Hacker News new | ask | show | jobs
by sc68cal 4702 days ago
This is currently done via scraping:

https://github.com/divegeek/uscode

The diffs are huge.

4 comments

Remember that diff is an algorithm to generate the smallest set of operations to produce version B from version A, not an accurate reconstruction of what happened. Diff algorithms are also often tuned not try as hard to find the smallest set of changes for larger documents, due to speed concerns.
Git's built-in diff algorithm is particularly bad for text. Since it's aimed at line-oriented code, it does line-based diffs, which is horrible for ASCII text that is reflowed, because every line in a paragraph will show up as changed for a small change.

Example: https://github.com/divegeek/uscode/commit/1fb2d83137dad1c6ca...

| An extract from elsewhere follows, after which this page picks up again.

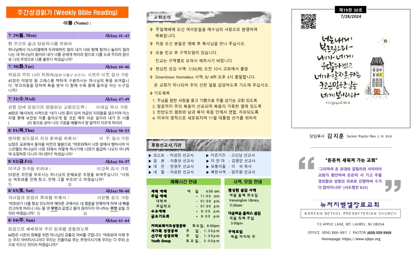 | 주간성경읽기, 교회소식 7월 21일 (0) | 2024.07.20 |

What's happened is that "Section 2" was moved later in the sentence, abbreviated as "Sec. 2", "of" was deleted, and "act" was capitalized:

    Section 2 of act July 30, 1947, ch. 392, 61 Stat. 674, provided...

    Act July 30, 1947, ch. 392, Sec. 2, 61 Stat. 674, provided...
The rest of the paragraph is unchanged, but git shows a 6-line diff with the entire paragraph replaced. GitHub attempts to do some word-based highlighting (see the timestamp lines), but it falls down on most of these paragraphs. Wikipedia's diffing tends to work better for this kind of thing; I'm not sure what they use. The upshot is that the number of lines changed may be a 5-10x overestimate.
> Since it's aimed at line-oriented code, it does line-based diffs

You can do word diffs with git:

    git diff --word-diff=color
It's still recreating a word based diff from a line based diff.

See diff.c line 793 for how it works.

It may be doing that conversion, but the conversion works. For example, committing the following text (with line breaks), then joining it all into one line, shows no differences when using 'git diff --word-diff'.

  Test the first. This will check if reflowing
  text actually produces git word-diff weirdness,
  or if it's actually decent.
The line does get reproduced on the terminal (a line diff was seen), but no text is shown in green or red to indicate an actual change.
Just checked with the old and new versions of Title_09.txt and you're right, --word-diff does the right thing. It echoes all the changed lines to the terminal, but it only marks up (and colors, in color mode) the changed words:

          [-Section 2 of act-]{+Act+} July 30, 1947, ch. 392, {+Sec. 2,+} 61 Stat. 674, provided that
Wonder if there's a way to enable that behavior on GitHub? And/or to generate repository activity statistics based on changed words rather than changed lines?
Sure, but this particular test tells you nothing. You need one where the "line diff" has identified the wrong set of changes (IE it has decided two sets of text look close enough that one is really a change into the other, even though that's not what historically happened).
If there are sporadic line differences, for that git diff supports different algorithms than the default. patience or histogram may work better.

as far as words in lines, you do have a point.

I did some work & research about diffs when I tried to visualise progression of slovak law. My best attempt was a diff method that would understand the inner structure of the law. I ended up with simple draft but I am sure somebody more competent could look into that.
At least in the US, a lot of the laws that get passed are in the form of diffs.

That is, the law that they enact says "This law is to do blah blah blah.

Subsection 1373(a) of the US code is replaced with the following text 'blah blah blah'"

The wording used is pretty standard. So you can actually parse it in most cases to see what the actual changes are.

> I ended up with simple draft but I am sure somebody more competent could look into that.

If nothing prevents you, you ought to throw this up for others to see. Worst comes to worst, no one finds it useful.

In Germany we solved this problem by converting the XML into readable markdown first:

https://github.com/bundestag/gesetze/commit/f90e8fc8eb20f081...

(see also: https://news.ycombinator.com/item?id=6137337)

Back in college, I had a project where I walked through every line of the Patriot Act and noted exactly which paragraphs were modified.

I'd be surprised if we couldn't write a parser for bills to produce more efficient diffs.